Little's Law also says there is no free lunch. Optimizing for high system utilization leads to large wait times for customers, as anyone who has waited on a busy telephone reservation line knows all too well. Conversely, ensuring short waiting lines requires system utilization to be low. Simply put, one must choose between high system efficiency and short customer wait times. One cannot (in general) have both.

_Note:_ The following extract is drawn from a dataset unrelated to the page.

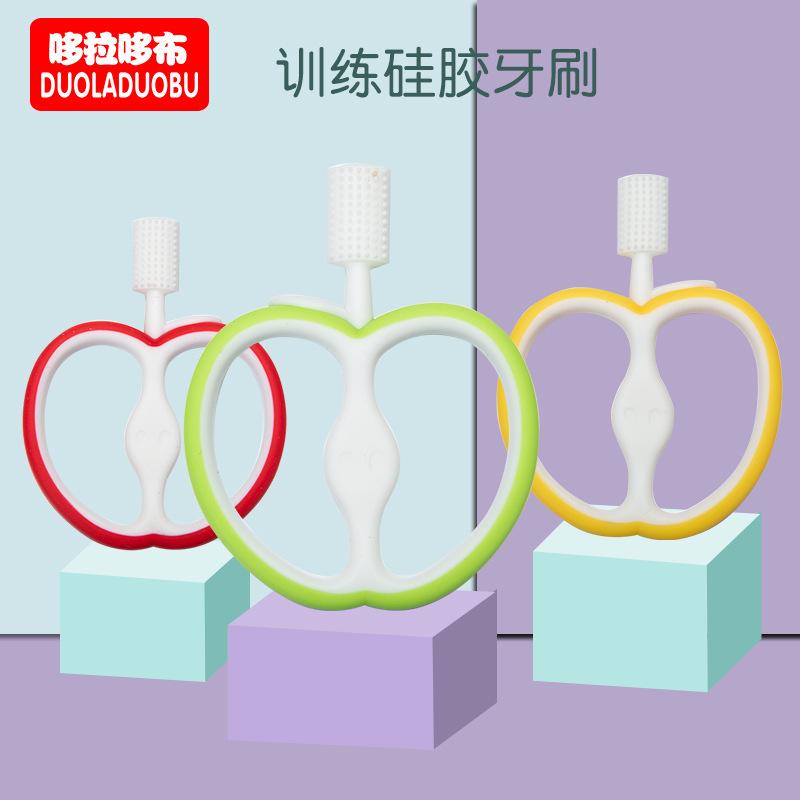 ドラえもんの新しい赤ちゃんのリンゴの形のシリカゲルの乳の歯ブラシの赤ちゃんのシリカゲルの口腔は歯のゴムの6204をきれいにします。

As simple as this may seem, in reality, the best optimization strategy depends on many other constraints and the broader environment. For many systems, the relative costs of the components providing and receiving service determine the appropriate optimization axis. When humans are involved, their psychology and expectations must be managed appropriately. That is why many telephone response lines provide waiting time estimates and periodic feedback during the wait. Those of us who have managed batch-scheduled HPC systems also know that users and system operators constantly balance system utilization against the product of queue wait time and parallelism.
Coming Full Circle
Exascale computing brings many of these issues into focus in new ways. When a multiple megawatt energy spike is imposed on the electrical grid, utility operators notice. Thus, exascale system energy requirements may constrain when parallel job execute, as jobs with high floating-point computation intensity draw more energy those dominated by pointer chasing. Likewise, component reliability may limit maximum parallelism within exascale jobs; the mean-time-to-failure (MTBF) of processors, memory and storage systems, and interconnect elements really matters. Although more job parallelism normally reduces execution time, component reliability bounds effective parallelism and maximum computation time without either resilience or recovery mechanisms.
Performance, delay and parallelism at large scale: Little's Law speaks to all of these issues and more. When performance optimization, reliability requirements, and energy management are convolved with component costs, device physics, system software services and application characteristics, the constraint-based optimization problems become dauntingly complex. Their solution is a bit more than a two-week project, especially at exascale.